Istanbul airport owner seeks to refinance up to $5.6 billion in debt
IGA, the operator of Istanbul Airport, is seeking to refinance as much as 5 billion euros ($5.6 billion) in loans it used to build the facility, Reuters reported.
The company aims to lower the cost of repayment of the loans. It has mandated Dome Group of London to find banks to take part in the deal, Reuters cited IGA as saying.
Turkey says the airport, promoted by President Recep Tayyip Erdoğan as a symbol of Turkey’s emerging global stature, will be the world’s largest once all construction phases are completed. IGA becomes the latest Turkish corporation to seek to lower the cost of repaying its debts. Loans have become more expensive to service after a currency crisis last year that sparked a severe economic downturn.
“The project’s risk structure is not the same as that in the construction period anymore.

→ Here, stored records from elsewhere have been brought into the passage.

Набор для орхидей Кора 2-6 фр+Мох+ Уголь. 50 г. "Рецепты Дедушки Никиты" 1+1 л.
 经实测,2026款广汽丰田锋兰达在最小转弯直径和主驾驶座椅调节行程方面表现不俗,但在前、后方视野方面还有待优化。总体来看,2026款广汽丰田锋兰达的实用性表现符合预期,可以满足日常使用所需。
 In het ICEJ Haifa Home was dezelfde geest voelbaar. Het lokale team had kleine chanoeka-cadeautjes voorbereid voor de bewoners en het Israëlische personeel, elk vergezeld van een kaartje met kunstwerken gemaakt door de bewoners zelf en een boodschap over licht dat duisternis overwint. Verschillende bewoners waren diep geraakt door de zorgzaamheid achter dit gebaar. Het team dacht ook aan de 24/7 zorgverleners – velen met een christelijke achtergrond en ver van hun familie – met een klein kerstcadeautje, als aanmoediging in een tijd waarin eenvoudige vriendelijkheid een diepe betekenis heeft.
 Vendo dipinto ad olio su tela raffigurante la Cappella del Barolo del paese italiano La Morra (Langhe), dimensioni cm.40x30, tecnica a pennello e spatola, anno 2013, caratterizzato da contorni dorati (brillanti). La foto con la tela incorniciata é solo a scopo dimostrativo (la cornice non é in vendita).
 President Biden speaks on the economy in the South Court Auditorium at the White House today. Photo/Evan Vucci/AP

We’re talking about a very serious economic value,” the company said, according to Reuters.
The airport opened a year ago to much public fanfare. Turkish Airlines, the national carrier, moved its headquarters there at the start of this year.

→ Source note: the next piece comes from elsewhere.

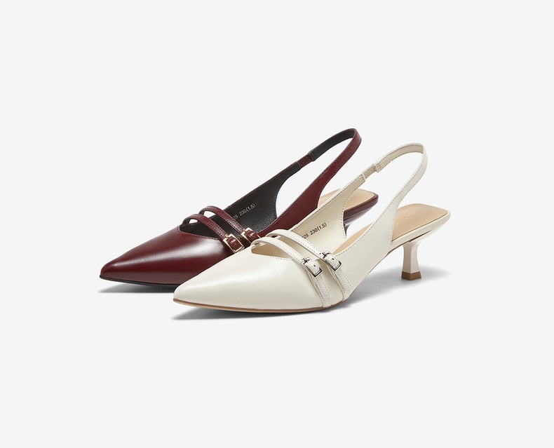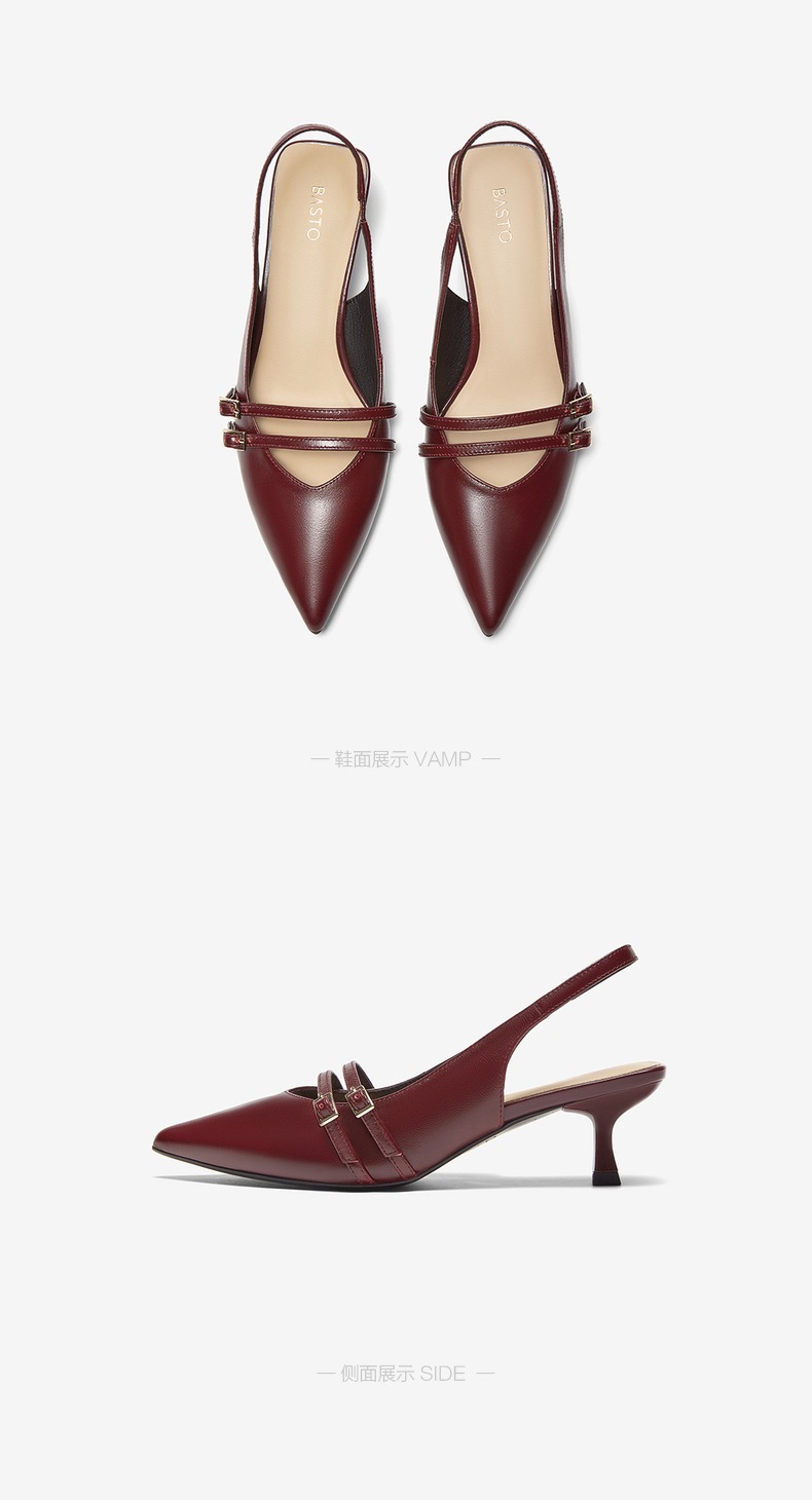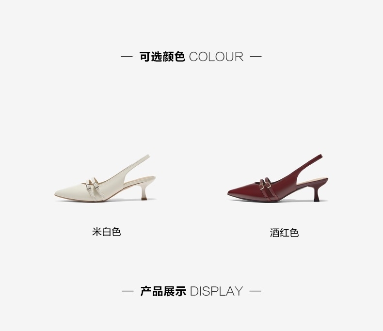 | 鞋类流行款式:后空凉鞋 | 鞋头款式:尖头 | 执行标准:皮凉鞋GB/T22756-2017 | 跟高范围:中跟鞋(3-5CM) | 鞋面图案:纯色 |

IGA obtained a 4.5-billion euro loan from banks to build the airport with a 16-year maturity and a four-year grace period on repayment of the principle. IGA later borrowed a further 1 billion euros.
Turkish construction companies Kalyon, Limak, Cengiz and Mapa owns shares in IGA. All enjoy close relations with the Erdoğan government.
Three state-run Turkish banks -- Ziraat Bank, Halkbank and Vakıfbank – as well as private lenders Denizbank, Garanti BBVA and Finansbank, participated in the loan deal.